Contexte : Cass. crim., 21 octobre 2020, n° 19-87.071, FS-P+B+I N° Lexbase : A31933YW
À l’occasion d’une information judiciaire ouverte des chefs d’infractions à la législation sur les stupéfiants, blanchiment et association de malfaiteurs, la compagne d’un mis en examen a sollicité du juge d’instruction la restitution de deux sommes saisies en espèces à son domicile et au domicile de sa mère, prétendant, ainsi que l’exige l’article 99, alinéa 2, du Code de procédure pénale N° Lexbase : L7471LPE, avoir des droits sur les biens saisis.
S’étant heurtée à un refus de restitution de la part du magistrat instructeur, la requérante a interjeté appel de l’ordonnance. Devant la chambre de l’instruction, elle a demandé la délivrance de certaines pièces. Lui a été communiquée la copie des procès-verbaux des perquisitions effectuées au domicile de sa mère ainsi qu’à son domicile et de son audition. En revanche, d’autres pièces paraissent lui avoir été refusées, dont celles relatives à une expertise des scellés. La chambre de l’instruction a confirmé le refus de restitution, d’une part, en émettant des doutes quant au fait que les espèces saisies provenaient de l’activité professionnelle de l’appelante ou de cadeaux familiaux et, d’autre part, en rappelant que son compagnon était impliqué dans un important trafic de stupéfiants et qu’il disposait d’un train de vie élevé caractérisé par le brassage d’argent en espèces et d’autres objets de valeur. Cette dernière s’est pourvue en cassation, se fondant notamment sur une violation du caractère contradictoire de la procédure.
Aux termes de l’article 99, alinéa 6, du Code de procédure pénale, « le tiers peut, au même titre que les parties, être entendu par le président de la chambre de l'instruction ou la chambre de l'instruction en ses observations, mais il ne peut prétendre à la mise à sa disposition de la procédure ».

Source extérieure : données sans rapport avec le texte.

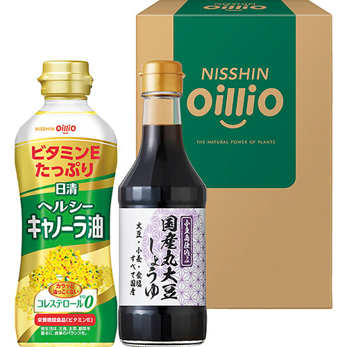 ヘルシーオイルとしょう油の低価格帯調味料ギフトです。慶弔関係や、引っ越し業者様、ノベルティ関係など、様々なシーンにおすすめの詰め合わせです。
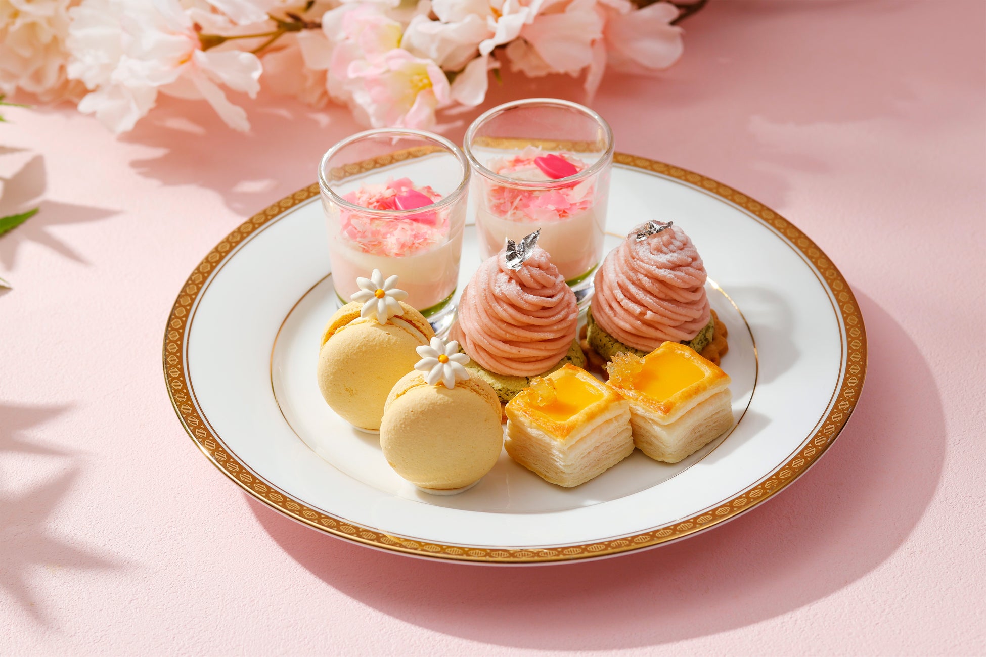 麗らかな日本の春をテーマに、彩り綺麗なティーフーズが勢ぞろいした春限定のアフタヌーンティーです。桜咲く情景をグラスで表現した「春色パンナコッタ」や和菓子を思わせる「桜と抹茶のモンブラン」、旬の柑橘類を使用したマカロンやパイのほか、フルーティーな味わいのリキュールを使用した真っ赤なチェリーがアクセントのフランス伝統菓子「ケークプランタジェネット」など、パティシエこだわりのスイーツが満開に咲き誇る花々のようにティースタンドを彩ります。セイボリーには、芽吹きの春をイメージした「プティポワフランセ風サラダ」や「春のキャベツとたまごの全粒粉サンド」、「桜エビとあおさのキッシュ」と、旬の素材を使用したメニューをご用意しました。人気のスコーンは抹茶とプレーンの2種類をたっぷりのクロテッドクリームと小倉あんでお召し上がりいただけます。日本の美しい“春”を愛でるように楽しむ口福なティータイムを、美味しい紅茶ととともにごゆっくりとお楽しみ下さい。
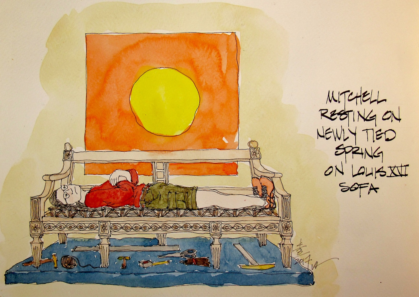 I work full-time and run a business with Mitchell restoring/conserving various types of objects. This keeps me busy, sometimes working 6-7 days a week if there is a deadline, so there is not much time to drop into painting a canvas, making handmade paper (my paper is shown in the painted piece left), or other types of my earlier creative endeavors.
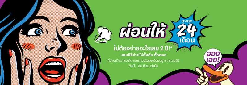 แสนสิริ ผ่อนให้ สูงสุด 24 เดือน! ไม่ต้องจ่ายอะไรเลย 2 ปี!* แสนสิริจ่ายให้ ทั้งต้น ทั้งดอก ที่บ้านเดี่ยว คอนโด และทาวน์โฮมพร้อมอยู่จากแสนสิริ พร้อมรับข้อเสนอดีๆ อีกมากมาย อาทิ
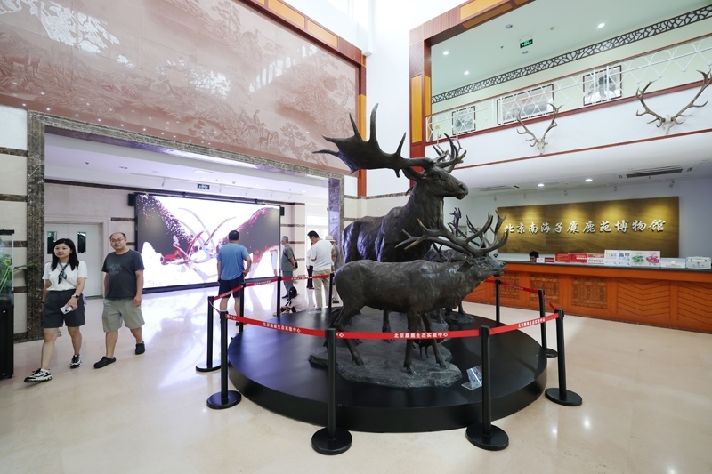 8月24日,游客在北京南海子麋鹿苑博物館參觀(guān)。
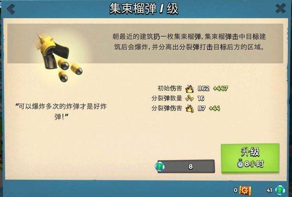 伤害不足,和满级火炮相比,满级火炮的伤害能达到6264点,可满级榴弹的伤害只有4580点。虽说榴弹击中目标建筑后会产生分裂弹,但分裂弹的伤害几乎可以忽略不计,而且其方向也难以掌控。
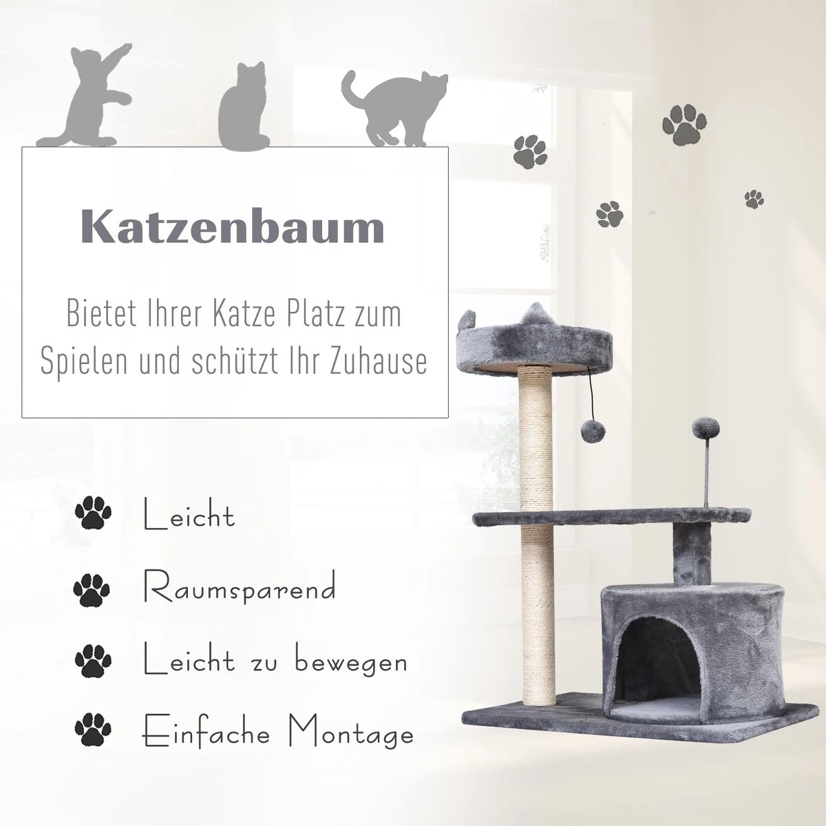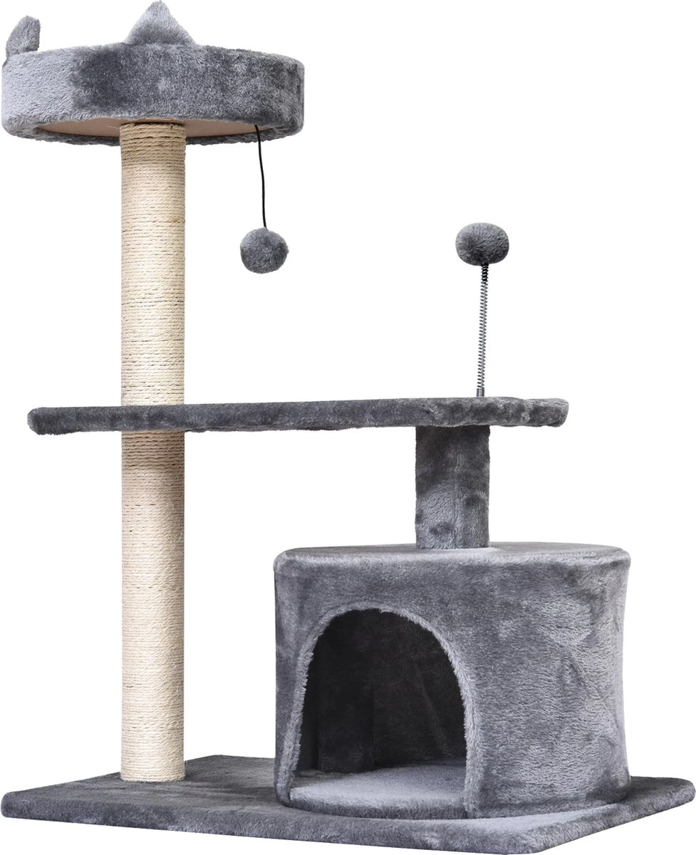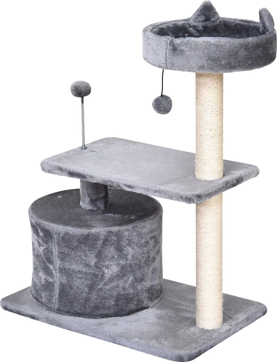 PawHut Kattenboom 3 Verdiepingen Krabpaal Kattengrot Met Sisal Palen Krabplank Pluche D30-258
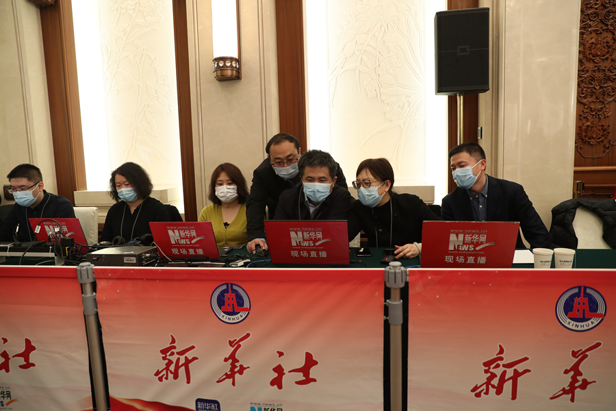 新華網記者在現場做直播準備工作
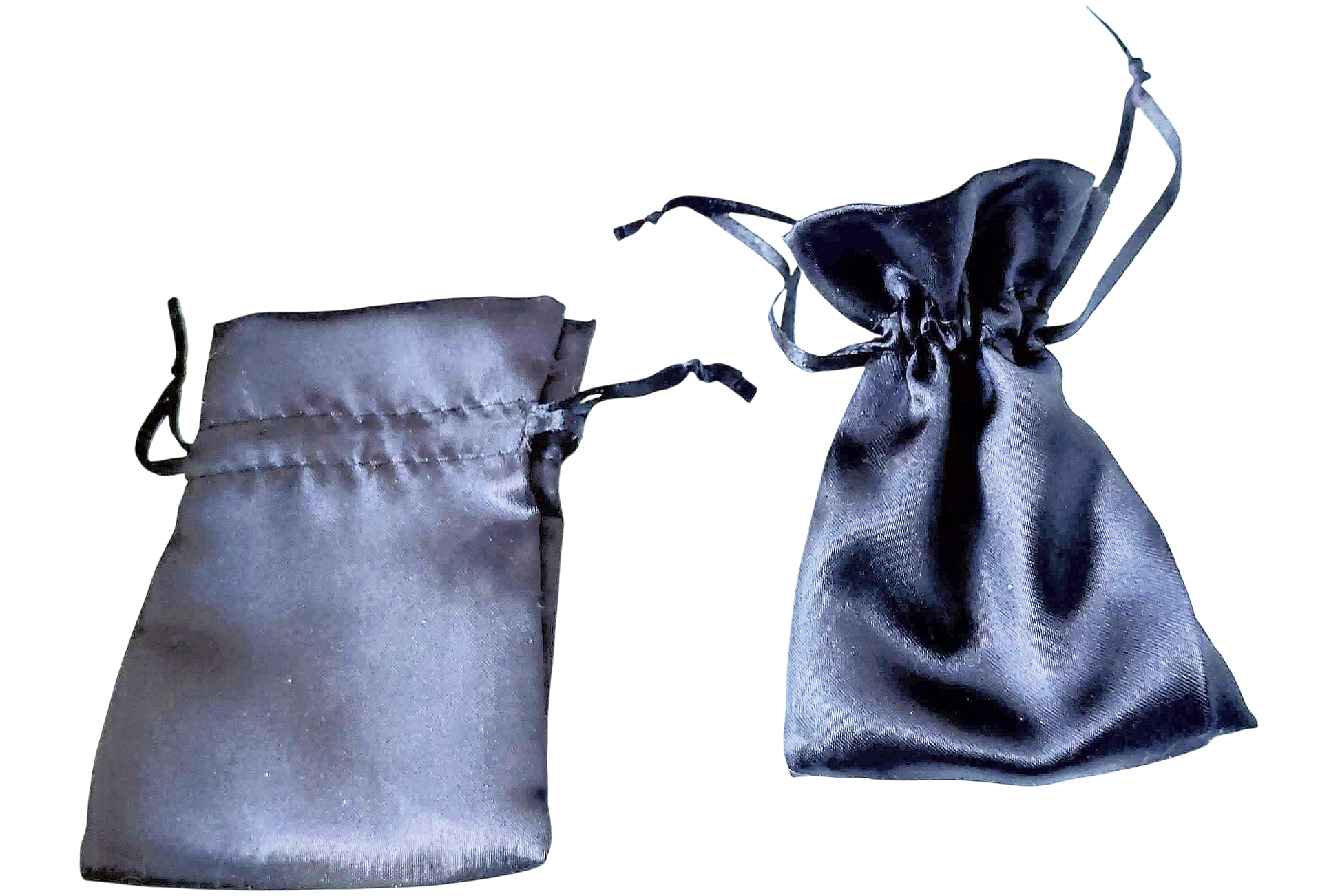 - Your necklace arrives in a black satin drawstring storage pouch. For gift-giving, a black paper gift bag with gold accents and black satin ribbon handles is included.a
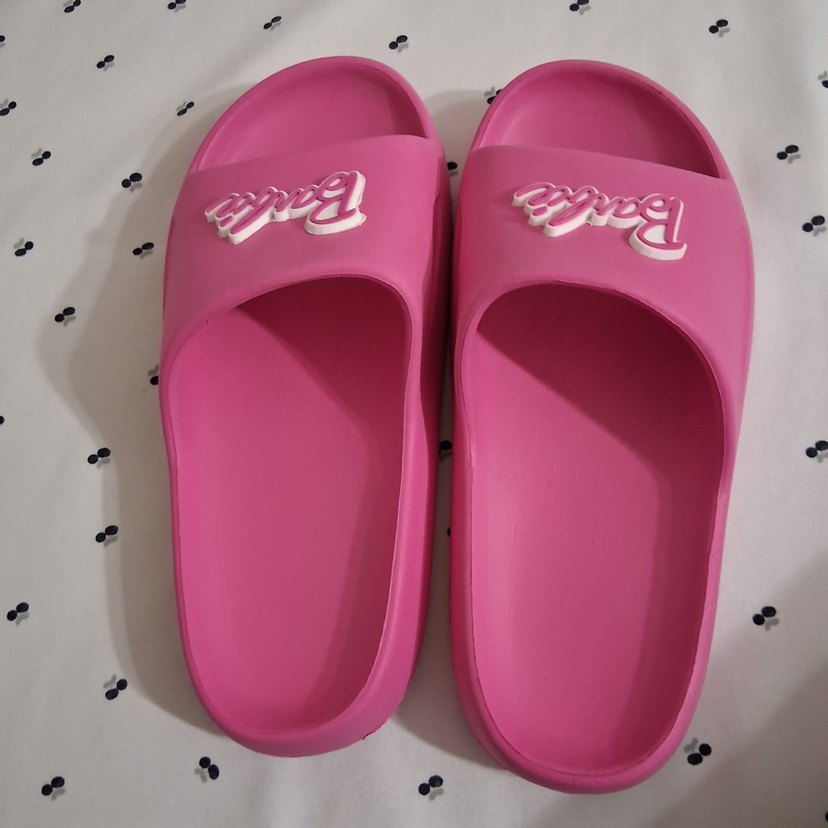 Pembe platform topuklu terlikler, renkli Barbie baskısı ile günlük kullanıma uygun sade ve şık bir tasarıma sahiptir. 30 31 numara
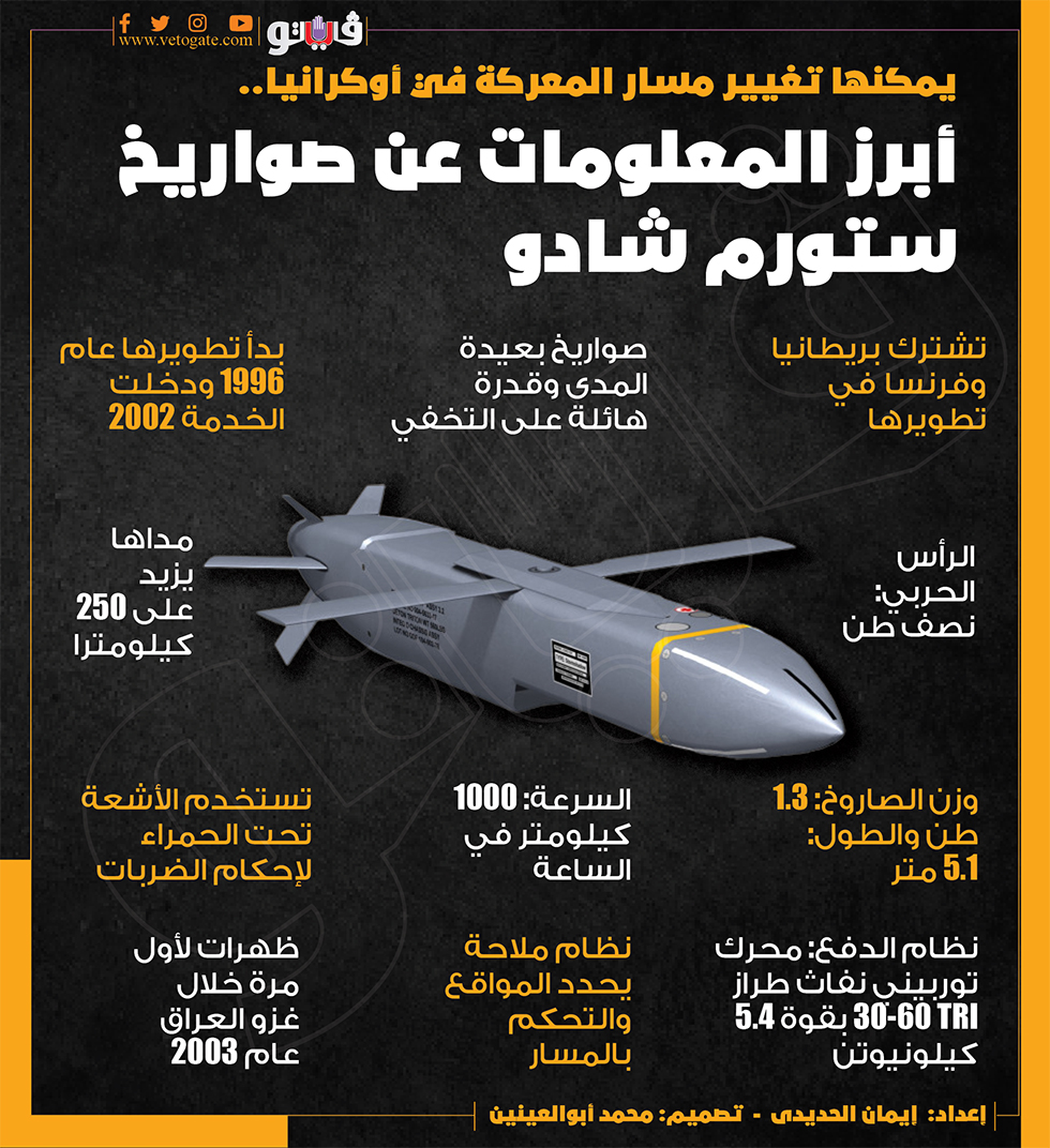 يمكنها تغيير مسار المعركة في أوكرانيا، أبرز المعلومات عن صواريخ ستورم شادو الجمعة 12/مايو/2023 - 03:03 م 5/12/2023 3:03:50 PM صواريخ ستورم شادو، فيتو إيمان الحديدى شارك طباعة 18 حجم الخط شارك طباعة صواريخ ستورم شادو صواريخ بعيدة المدى فرنسا وزارة الدفاع البريطانية
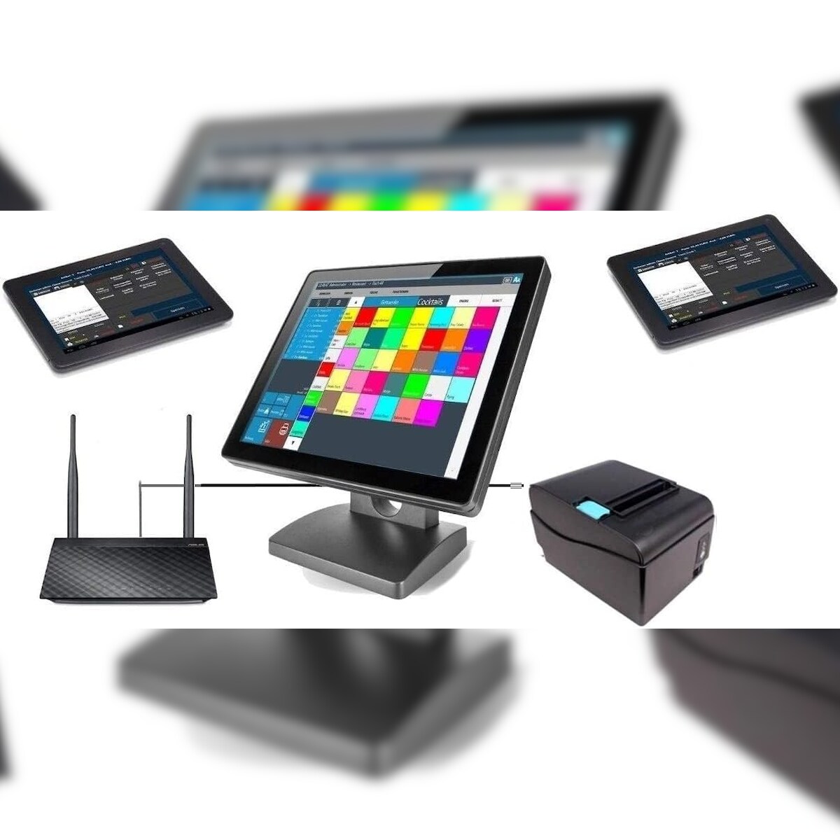 15" GASTRO Kassensystem mit 2x 7" Bestellterminal, Bondrucker, Hauptkasse für Restaurant, Cafe, Biergarten
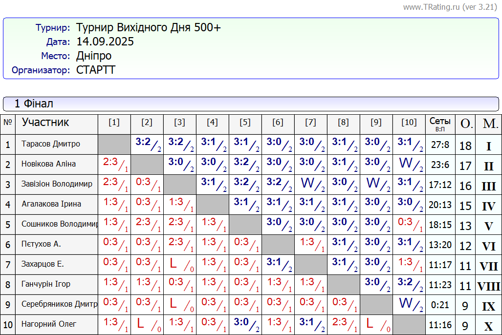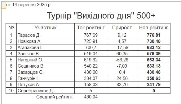 Результати турніру “Вихідного дня 500+” за 14.09.2025
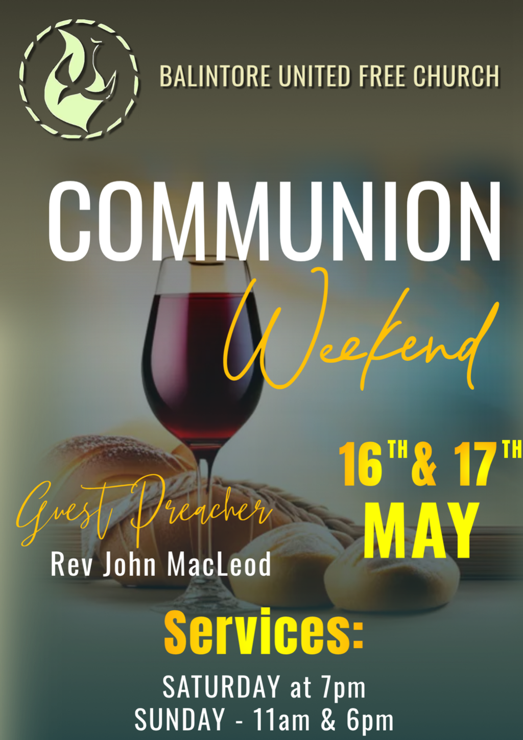 We warmly invite you to join us for our Communion Season on Saturday 16th and Sunday 17th May, a special time set apart to remember the Lord Jesus Christ, to seek His face, and to be refreshed together as His people. We are delighted to welcome Rev John MacLeod as our guest preacher. John is originally from the Isle of Harris and has served as Pastor of Allander Evangelical Church in Milngavie since 2009, having previously ministered in Newmilns, Ayrshire, and as Interim Pastor in Nassau, Bahamas.

Si les textes prévoient la mise à disposition des « pièces de la procédure se rapportant à la saisie » en matière d’appel d’une ordonnance de saisie pénale spéciale [1], force est de constater qu’une telle règle ne figure pas à l’article 99 du Code de procédure pénale qui paraît priver le tiers appelant de toute pièce de la procédure, quelle qu’en soit la nature.
Dans la présente affaire, par arrêt en date du 27 juillet 2022 [2], la Chambre criminelle de la Cour de cassation avait transmis au Conseil constitutionnel la question prioritaire de constitutionnalité de la requérante reprochant à l’article 99, alinéa 6, du Code de procédure pénale de méconnaître le droit à un procès équitable et le principe du contradictoire. La Haute juridiction avait toutefois estimé la question sérieuse dans la seule mesure où l’impossibilité d’obtenir les pièces se rapportant à la saisie pourrait être susceptible de porter une atteinte excessive au droit à un recours effectif.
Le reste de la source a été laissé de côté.